More than a couple of times in my life I’ve tried to learn the Game Of Go.
This is the ancient Chinese game that is harder to solve (AI or heuristics) than Chess, or, I think, any other game. Only in 2016 was the best player properly beaten by a computer. One with the multiple brains and yadabyte memories driven by the vastness of The Google. It was a big moment for Humanity, I think.
Many good games are easy to learn and hard to master. The Game of Go isn’t like this. It is really hard to learn, and very few master it. They say it takes decades to become a mere “quite good”.
This, to me, has an inevitable subtracting effect on my enjoyment of the game; it is just so hard to be quite good.
It would take so much time and, during that valuable T-Spend, mostly, it would not be fun. There would be few “yeahs!”
It would not have many of those moments of understanding a new tactic or strategy that are common in other exceptional games.
The reason for it’s hardness isn’t like in some games.
The problem isn’t the games complexity, that is , how many rules and parameters and interconnections are involved in it’s realisation, AKA, “playing”.
Nor is it the game’s depth – that meaningful, relative measure of the structure of the hierarchy that represents the emergence of the tactics, strategy and fun experienced by the players.
Rather, perhaps uniquely with the Game Of Go, it is the game’s vast possibility space that seeds the issues for me.
Possibility Space
A thing’s “possibility space” is the conceptual framework that the thing occupies. A puppy has a possibility space. So does a movie and an omelette.
The concept of “Castling A King” doesn’t exist in the possibility space of Naughts And Crosses. Nor does it exist in Hopscotch. But it does exist in Chess.
When you think about things in terms of their possibility space, you gain a new perspective.
Possibility space is useful to be seen as layered:
If CAK is in Chess and it is possible that Eastender’s might involve Chess (Eg in an episode. Which, of course, it is) then CAK is in the possibility space of Eastenders (Which, it is, isn’t it?).
This does not mean the same as the trivial “CAK is in the possibility space of all things, because, eg, Time-Travel.”

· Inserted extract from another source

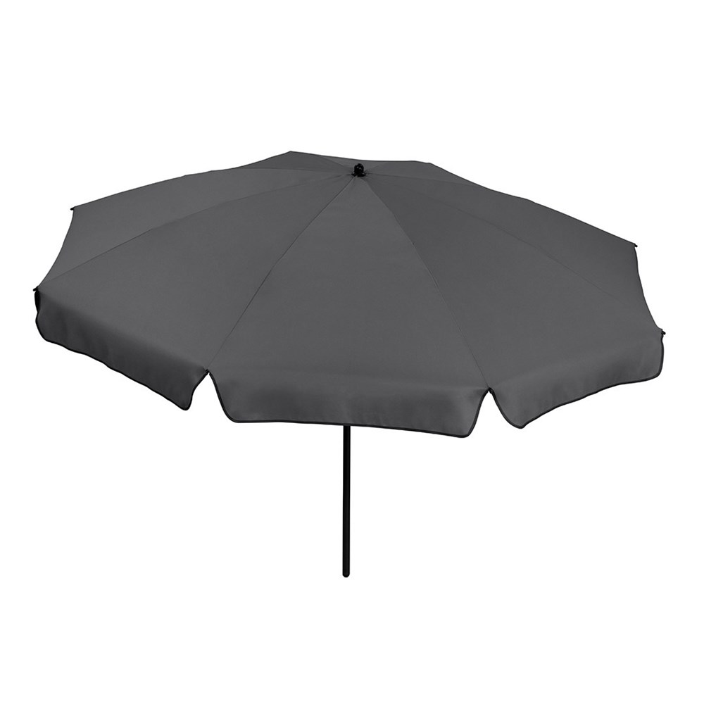 Moderner Sonnenschirm mit Gestell in Titan-Finish, Knickvorrichtung und mit Volant Einfache Handhabung durch Sicherheitsschieber, sehr stabile Fiberglasschienen, zweiteiliger und stufenlos höhenverstellbarer Stock mit Knickvorrichtung zur Neigung des Schirms, Stock in edlem Titan-Finish, Unterstock mit ca. 120 cm Länge und Drehfeststeller zur sicheren Fixierung, komfortables Tragefutteral, Bezug mit Lichtschutzfaktor UPF 50+, angeschnittenes Volant, exklusive Füllständer (Art. 8920 oder Art. 8905) / Erdspieß (Art. 8939)

Possibility spaces are much easier to apprehend when they are seen as tied to shared frameworks. Think of how this influences the emergence of “plausibility” as a property of a narrative.
To be meaningful possibility spaces should be internally consistent. It is for this reason that I would say we wouldn’t say that CAK was in the possibility space of Eastenders but not of a historically accurate soap opera set in The Stoneage.
Lastly, possibility space isn’t just about points of property possibilities, but also emergent phenomena that the game originates. The excitement of backgammoning someone is not contained in the necessary and sufficient game description of Backgammon, but it is clearly in the possibility space of the game. It is a foundational property of the gameplay. We can deconstruct the possibilities and we can abstract the possibilities.
The Game Of Go is not deep in its structure. Because the board is nineteen wide, as opposed to eight in chess, there is a computational explosion in the amount of information that needs to be broken down and abstracted in order to significantly understand the game. It is a huge and wide and shallow sea of choices but from this sea emerges game phenomena that I have no idea about. I can see they are going to be there, but I cannot conceive of them. I think if you try to learn Go you will soon understand this, if you don’t already.
Then the realisation is this: until you get good enough to meaningfully understand these emergent game phenomena, then Go is going to remain a relatively shallow game. Shallow tactics and strategies compared to the big picture games of the Go-masters.
In my opinion Go is not very fun to learn because it is so very hard to average.
There is a time/cost/fun/potential/learnability/etc equation with any game.